Paperback Series

It was nearly the end of the hour, most of the customers have already left the counters and those who remained were the regulars playing a few more rounds of pool before calling it quits. On a napkin, she drew a Martian cat holding a flag and a pint, folded it in half and inserted it in my phone casing.

I was feeling light, tired. She said it might have been the lateness of the night; we were not the same as we used to be. We were different then, but in a way, have not changed much.  Probably we were both.

It was my turn to buy the next round. I was running thin on beer money, but the night was still asking.

It was a mistake, but who’s counting nowadays? The world is full of it. Everyone has drums and boxes filled with it.

“Where were we?”

“Back to where we used to be, in a place we ought to be” She insisted.

“But you’re moving back to California.”

“A tourniquet.”

“The moon was fuller the last time we were here.
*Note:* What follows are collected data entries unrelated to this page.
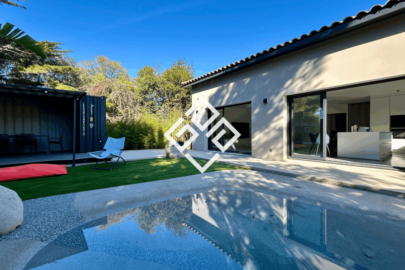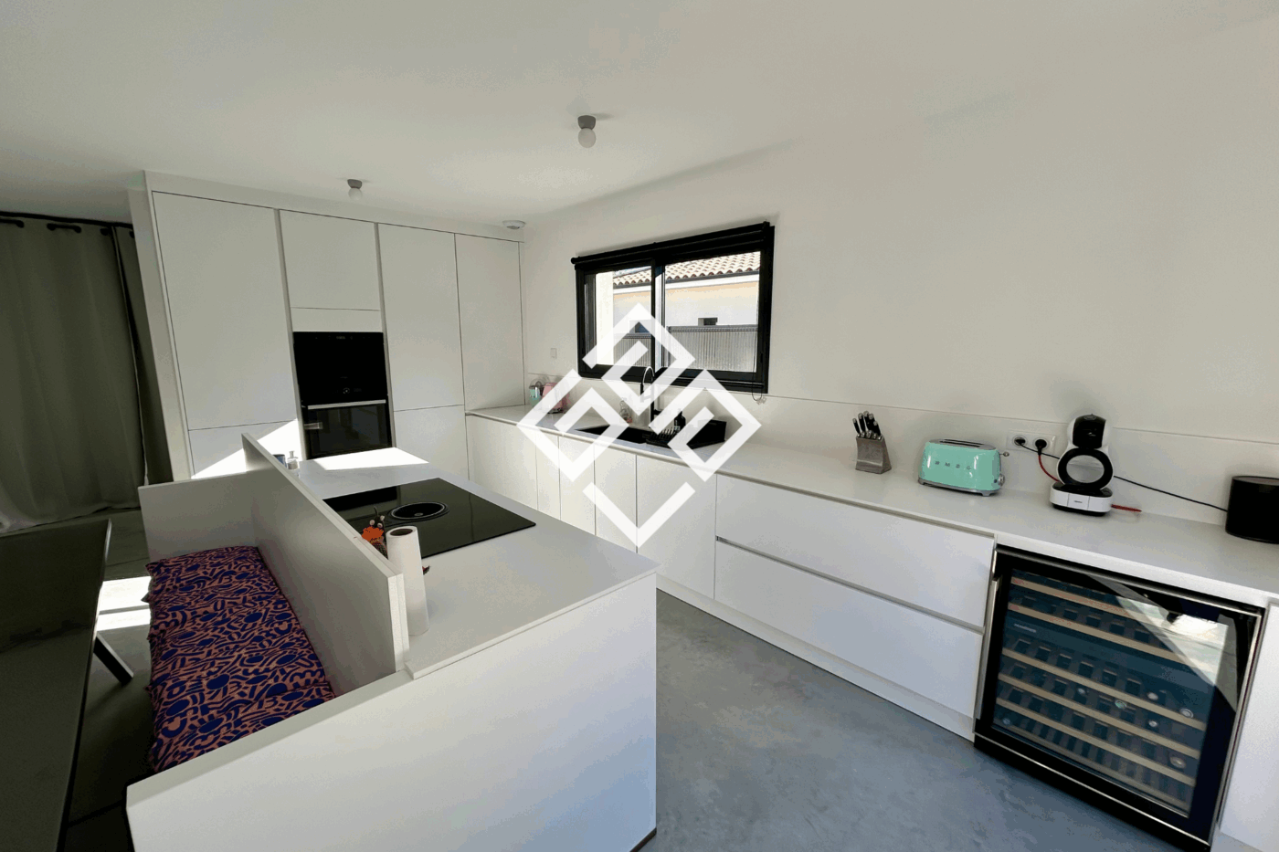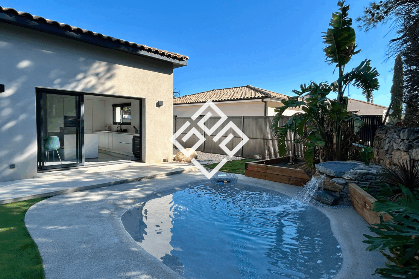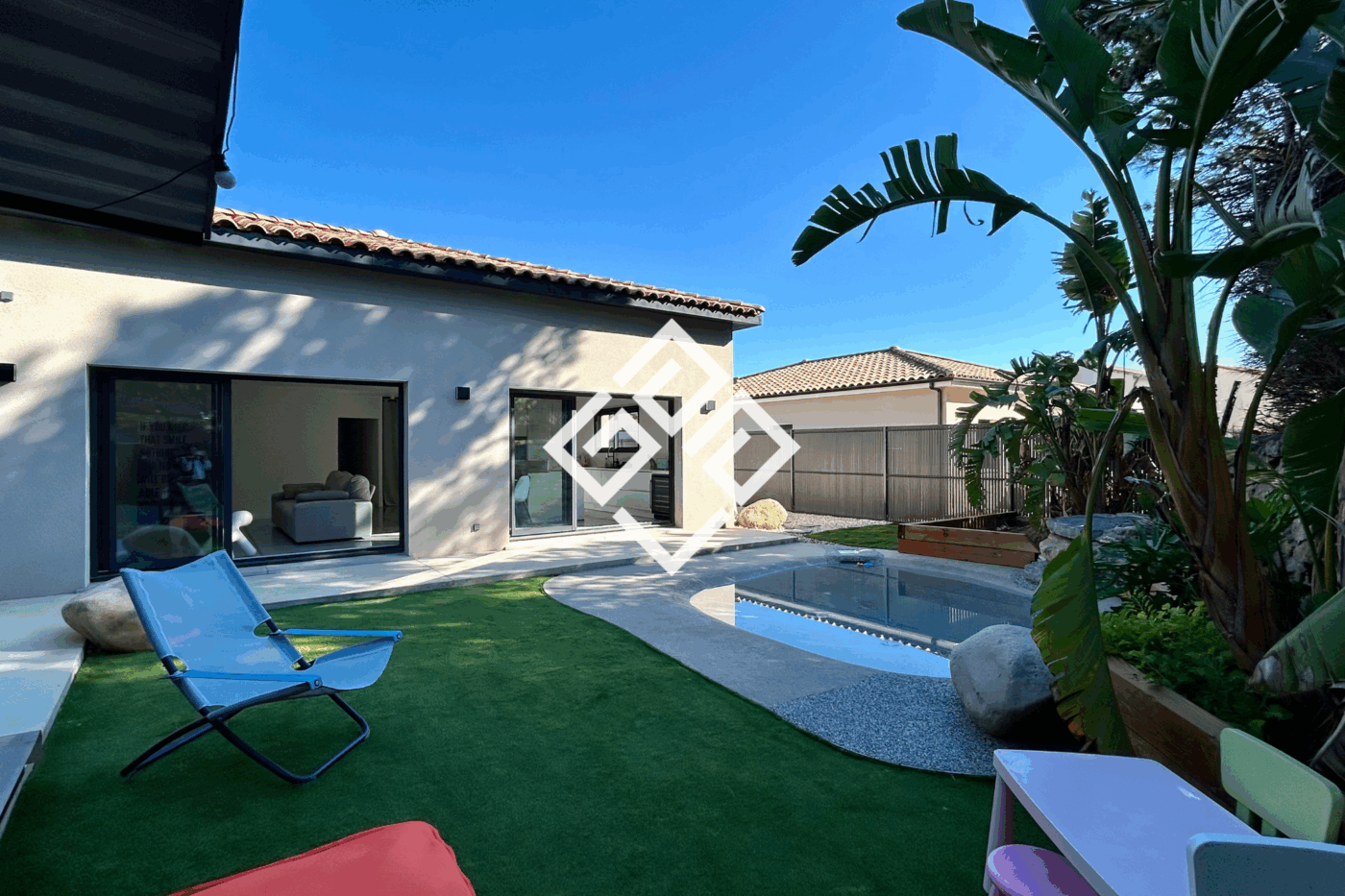 En exclusivité chez GALA IMMOBILIER : découvrez cette magnifique villa contemporaine de plain-pied 115 m2 (construction 2024), nichée au coeur d'un écrin de verdure soigneusement aménagé. Conçue pour allier esthétique moderne, confort et sérénité, elle offre un cadre de vie d'exception. Ses lignes épurées, ses volumes lumineux et ses larges baies vitrées ouvrent naturellement l'espace de vie sur un extérieur pensé comme une véritable oasis privée. La piscine style lagon, son jacuzzi intégré et sa cascade, s'intègrent parfaitement dans un jardin paysager et arboré, transformant cette demeure en un véritable refuge de rêve et de tranquillité Un bien rare où modernité et nature s'harmonisent parfaitement, à seulement 10 minutes de Narbonne. La villa est composée : Entrée avec placards intégrés (5,86 m2), Séjour spacieux et lumineux (38,09 m2) ouvert sur une cuisine moderne entièrement équipée, couloir (4,46 m2) desservant : 2 chambres confortables (11,09 m2 chacune), 1 salle de bain élégante (7,78 m2) avec baignoire, douche à l'italienne, double vasque et WC. Suite parentale (18,59 m2) avec dressing (5,04 m2) et salle d'eau privative (2,77 m2), buanderie fonctionnelle (4,12 m2) Un garage spacieux de 28,39 m2 vient compléter ce bien. La partie extérieure : sur une parcelle de 577 m 2 une piscine lagon avec jacuzzi au sel. Un container (pool house) Ses atouts : prestations haut de gamme, construction 2024 , extérieurs pensés pour la détente et la convivialité, climatisation réversible (gainable), cuisine équipée, alarme. Informations complémentaires : localisation idéale, toutes les commodités à proximité: école, commerces, traiteur, supérette.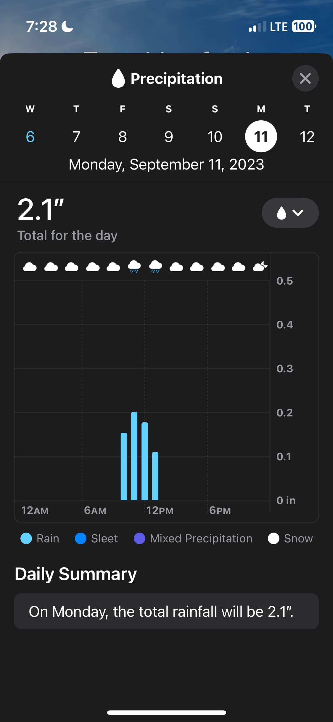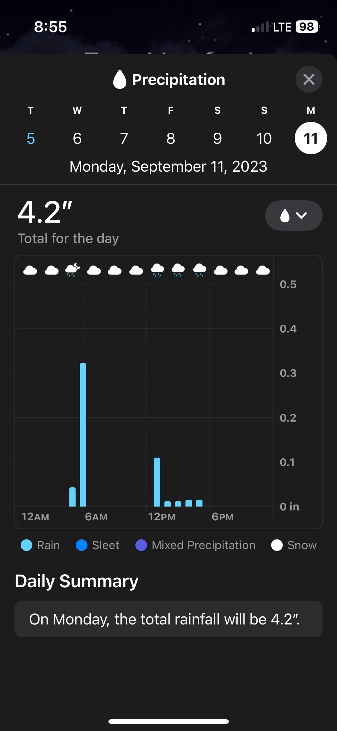 Last night it was showing 4.2" total for Monday but I don’t see how based on the graph. That’s a lot of rain!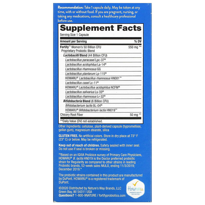 Probiotic Nature's Way Fortify Women's Extra Strength 50 tỷ lợi khuẩn, hỗ trợ sức khỏe tiêu hóa và miễn dịch, viên nang chậm tan, dành cho nữ. 033674115817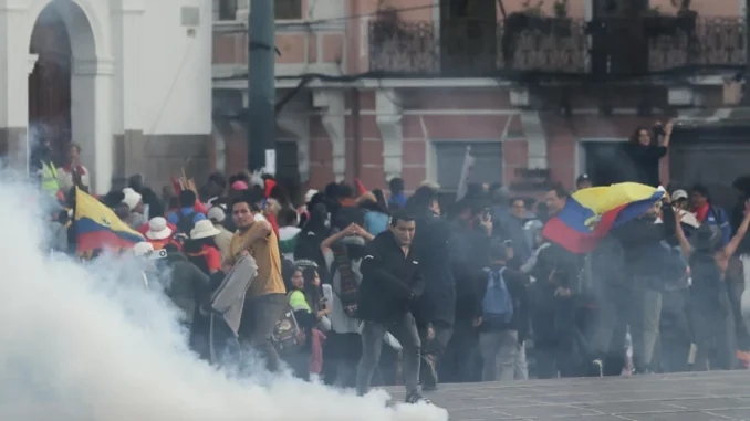 La Policía Nacional de Ecuador reprimió viernes con bombas de estruendo y gases lacrimógenos una movilización de organizaciones sociales, sindicatos y colectivos que protestaban en Quito contra las políticas del Gobierno de Daniel Noboa.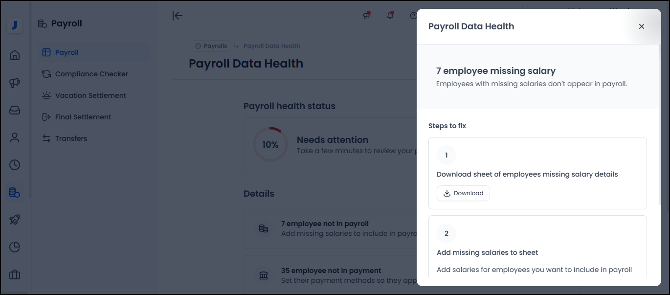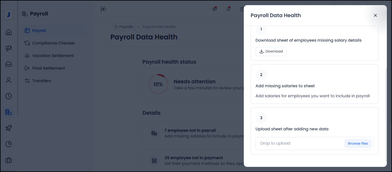 2. At the top of the screen, they will find "Payroll Status," which shows the percentage of completeness of employee data within the payroll.

Your hair longer and I didn’t have this limp.”

“You were dashing” She chuckled.

I returned some myself. “Eight years of alcohol does a lot to you.”

The container trucks lined up overhead, stuck on a flyover across our window.  The stream of orange highway lamps traced the roads with broken lines and asphalt.  She wrapped her head as it rested on her upper arm and continued,

“Will you cook me breakfast?”

“If you still like over easy with burnt hems.”

“I always thought it was perfect.”

“Yeah?”

“Yep.”

Sometimes I go to this place in my head where I recounted this sequence over and over. There were nights when I’d just look up in the sky and hope for a chance.  I still keep it with me, her dog-eared paperback copy of The Trial, protesting, one unused bookmark at a time.